Thomas Jefferson Godfrey (1831-1906) was a legislator in the U.S. State of Ohio. He was President Pro Tempore of the Ohio Senate 1868 to 1870.

== Early life ==
Godfrey was born June 6, 1831, in Darke County, Ohio, to Elias B. and Sarah (Elliott) Godfrey. He went to the common schools, and two seminaries. He went to Indiana Asbury University, located in Greencastle, Indiana, (now DePauw University), and began teaching school at various places in Indiana and Ohio.
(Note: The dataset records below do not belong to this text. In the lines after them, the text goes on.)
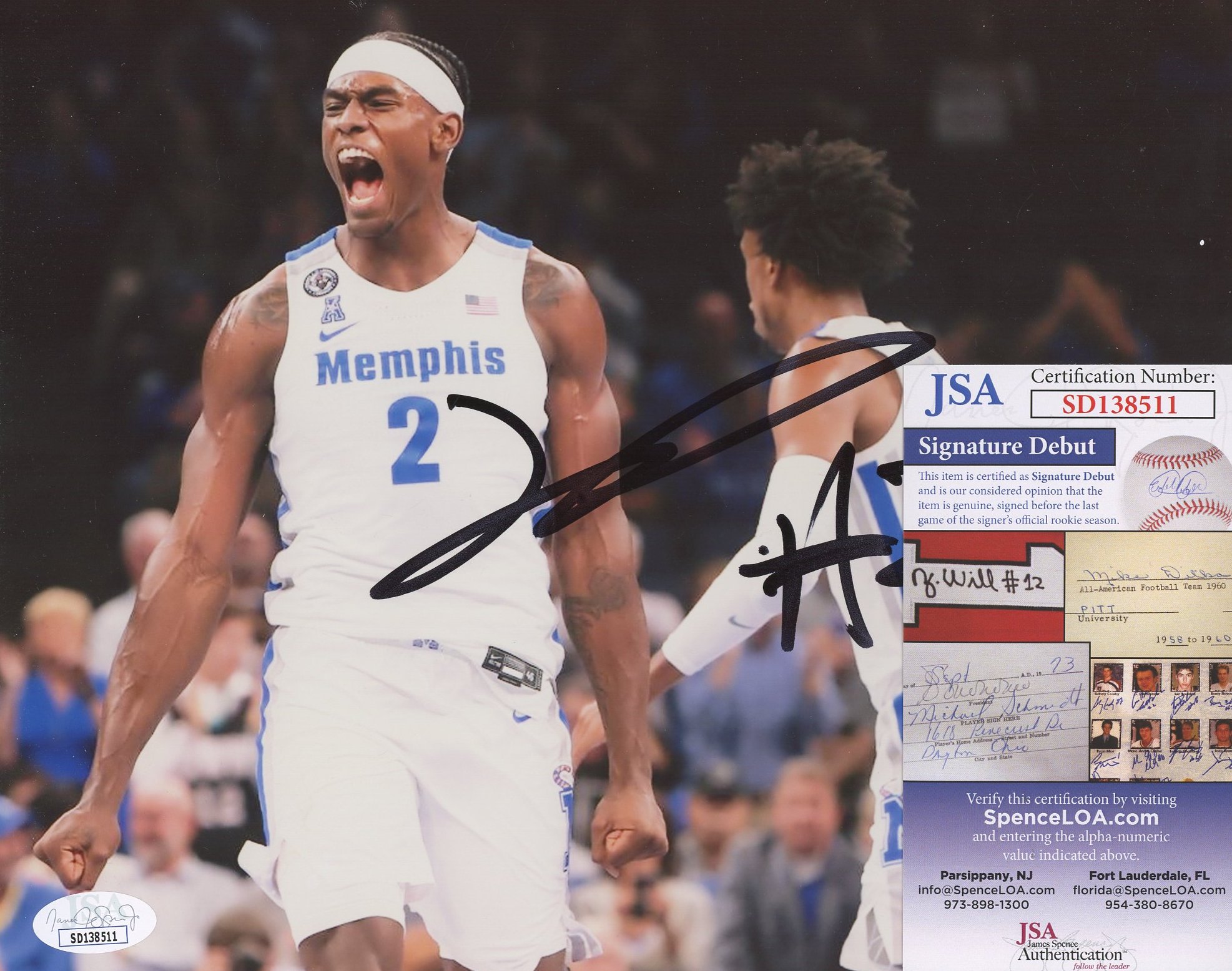 The autograph(s) includes an official James Spence Authentication (JSA) "Signature Debut" hologram and COA. "Signature Debut" is the autographed memorabilia equivalent to a rookie card. The JSA definition of a "Signature Debut" is as follows: "Any item that is autographed and received by JSA prior to the last game of the signer's official rookie season.
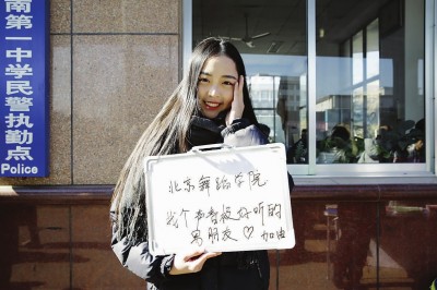 近期,全国各地艺术院校的艺考正在开展。在某考点,一位报考音乐剧专业的女生晒出她梦想的大学是北京舞蹈学院。
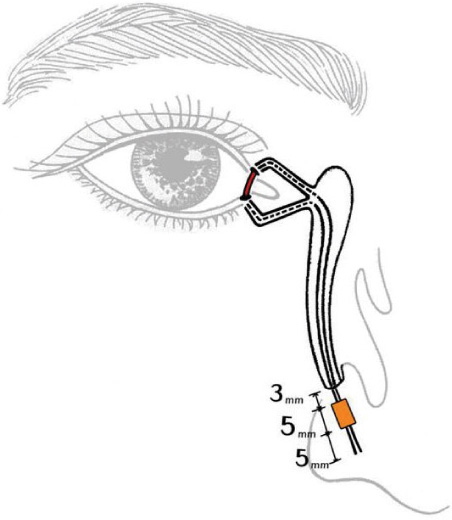 -silicone tube intubation : 하비도의 코눈물관의 출구 쪽에서 매듭이 만들어짐

Godfrey read law in the offices of Allen & Meeker in Greenville, Ohio, and graduated from Cincinnati Law School in 1857.

== Career ==
Godfrey was admitted to the bar, and began a practice in Celina, Ohio. He was elected prosecuting attorney of Mercer County in 1863, and was nominated for the Ohio Senate for the 32nd district, then Allen, Auglaize, Defiance, Mercer, Paulding, Van Wert and Williams counties in 1865. He was elected to the 57th Ohio General Assembly, and was re-elected two years later to the 58th, (1866-1870) He was elected President pro tem during the latter term.

In 1869, the Democrats nominated Godfrey for Lieutenant Governor of Ohio, but he lost to Jacob Mueller. In 1873, he was elected a delegate to the Ohio constitutional convention.

In 1880, Godfrey was a candidate for presidential elector for the 5th congressional district, but the state voted for Republican James A. Garfield. He was again elected to the State Senate in 1881 and 1883, and served in the 65th and 66th General Assemblies, (1882-1886).

He was president of the local Building & Loan in 1870, which became a bank called Milligan, Godfrey & Co., and later Godfrey & Milligan, and later still the Commercial Banking Co. He also had farming interests.

== Personal life ==
Godfrey married Lorinda Milligan and had one daughter named Luella, later Anderson.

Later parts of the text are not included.